To overcome the challenges cited, a recent paper published in the prestigious NeurIPS proposes novel solutions at the intersection of DP and SC, a technique in machine learning where the model can choose not to predict if it’s not confident enough, helping to avoid potentially wrong guesses. The paper addresses the problem of degraded predictive performance in ML models due to the addition of DP. The authors identified shortcomings in existing selective classification approaches under DP constraints by conducting a thorough empirical investigation. It introduces a new method that leverages intermediate model checkpoints to mitigate privacy leakage while maintaining competitive performance. Additionally, the paper presents a novel evaluation metric that allows for a fair comparison of selective classification methods across different privacy levels, addressing limitations in existing evaluation schemes. 

Concretely, the authors proposed Selective Classification via Training Dynamics Ensembles (SCTD), which presents a departure from traditional ensemble methods in the context of DP and SC. Unlike conventional ensembling techniques, which suffer from increased privacy costs under DP due to composition, SCTD leverages intermediate model predictions obtained during the training process to construct an ensemble. This novel approach involves analyzing the disagreement among these intermediate predictions to identify anomalous data points and subsequently reject them. By relying on these intermediate checkpoints rather than creating multiple models from scratch, SCTD maintains the original DP guarantee and improves predictive accuracy. This is a significant departure from traditional ensemble methods that become ineffective under DP due to the escalating privacy cost associated with composition. Essentially, SCTD introduces a post-processing step that utilizes the inherent diversity among intermediate models to identify and mitigate privacy risks without compromising predictive performance. This methodological shift enables SCTD to effectively address the challenges posed by DP while enhancing the reliability and trustworthiness of selective classifiers.
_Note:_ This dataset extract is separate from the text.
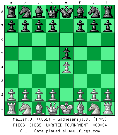 Last move : 0-1 2013 October 29 17:3:12 [Event "FICGS__CHESS__UNRATED_TOURNAMENT__000034"] [Site "FICGS"] [Date "2013.09.19"] [Round "1"] [White "Malish,Dmitriy"] [Black "Gadhesariya,Divyesh"] [Result "0-1"] [WhiteElo "0862"] [BlackElo "1703"] 1.e4 e5 0-1 This chess game has been lost on time (started : 2013.09.19 11:33:10) King's pawn game Player Black won this chess game. Follow this game move after move (download)What is the object of playing a gambit opening?... To acquire a reputation of being a dashing player at the cost of losing a game. (Siegbert Tarrasch) Immer nach dem besten Zug zu suchen ist ziemlich unpraktisch. (Nigel Short) ¿Que sería del Ajedrez sin errores graciosos?. (Kurt Richter) Le profane ne songe pas à la somme de jouissance dont il se prive, qui méconnaît ce jeu aux ressources aussi variées que passionnantes. (Jean-Marie Jeanton-Lamarche) There are more things in heaven and earth than practically anywhere else. (Unknown)
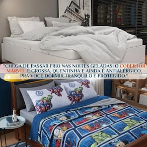 Cobertor Grosso Kids Marvel Antialégico Quentinho De Verdade Cor: MARVEL 2 Aqueça o sono das crianças com a força dos heróis da Marvel O Cobertor Grosso Kids Marvel Antialérgico é quentinho de verdade e perfeito para noites cheias de conforto e imaginação. Dê ao quarto das crianças o toque mágico que combina conforto, calor e os heróis favoritos O Cobertor Grosso Kids Marvel é a escolha perfeita para noites aconchegantes e cheias de estilo. Imagine seu pequeno a dormindo tranquilo, quentinho e protegido, cercado pelos heróis da Marvel que ele tanto ama. Esse cobertor não é apenas um item de cama, é uma forma de transformar o momento de descanso em algo divertido, seguro e cheio de carinho. É como um abraço macio dos super-heróis todas as noites Contém 1 peça 01 Cobertor 2,20m x 1,50m Composição: Manta Soft 1. Esse cobertor é realmente grosso e quentinho Sim Ele foi desenvolvido para proporcionar calor intenso e muito conforto. 2. O tecido é antialérgico Sim, é antialérgico, garantindo segurança e tranquilidade para crianças com pele sensível. 3. A estampa Marvel desbota com o tempo Não, ela é feita com alta qualidade para manter as cores vivas por muito tempo. 4. Pode ser em sofá ou viagens Sim Além da cama, é ótimo para passeios e sessões de filmes. 5. Esse cobertor é pesado para criança Não Apesar de grosso, ele é leve e fácil de manusear. Não deixe que o frio atrapalhe as noites de quem você mais ama. Garanta já o Cobertor Grosso Kids Marvel e dê ao seu filho a noites mais aconchegantes, divertidas e protegidas Marca: Não Informado

In addition, the authors proposed a new metric that calculates an accuracy-normalized selective classification score by comparing achieved performance against an upper bound determined by baseline accuracy and coverage. This score provides a fair evaluation framework, addressing the limitations of previous schemes and enabling robust comparison of SC methods under differential privacy constraints.

The research team conducted a thorough experimental evaluation to assess the performance of SCTD method. They compared SCTD with other selective classification methods across various datasets and privacy levels ranging from non-private (ε = ∞) to ε = 1. The experiments included additional entropy regularization and were repeated over five random seeds for statistical significance. The evaluation focused on metrics like the accuracy-coverage trade-off, recovery of non-private utility by reducing coverage, distance to the accuracy-dependent upper bound, and comparison with parallel composition using partitioned ensembles. The evaluation provided valuable insights into SCTD’s effectiveness under DP and its implications for selective classification tasks.

In conclusion, this paper delves into the complexities of selective classification under differential privacy constraints, presenting empirical evidence and a novel scoring method to assess performance. The authors find that while the task is inherently challenging, the SCTD method offers promising trade-offs between selective classification accuracy and privacy budget. However, further theoretical analysis is necessary, and future research should explore fairness implications and strategies to reconcile privacy and subgroup fairness.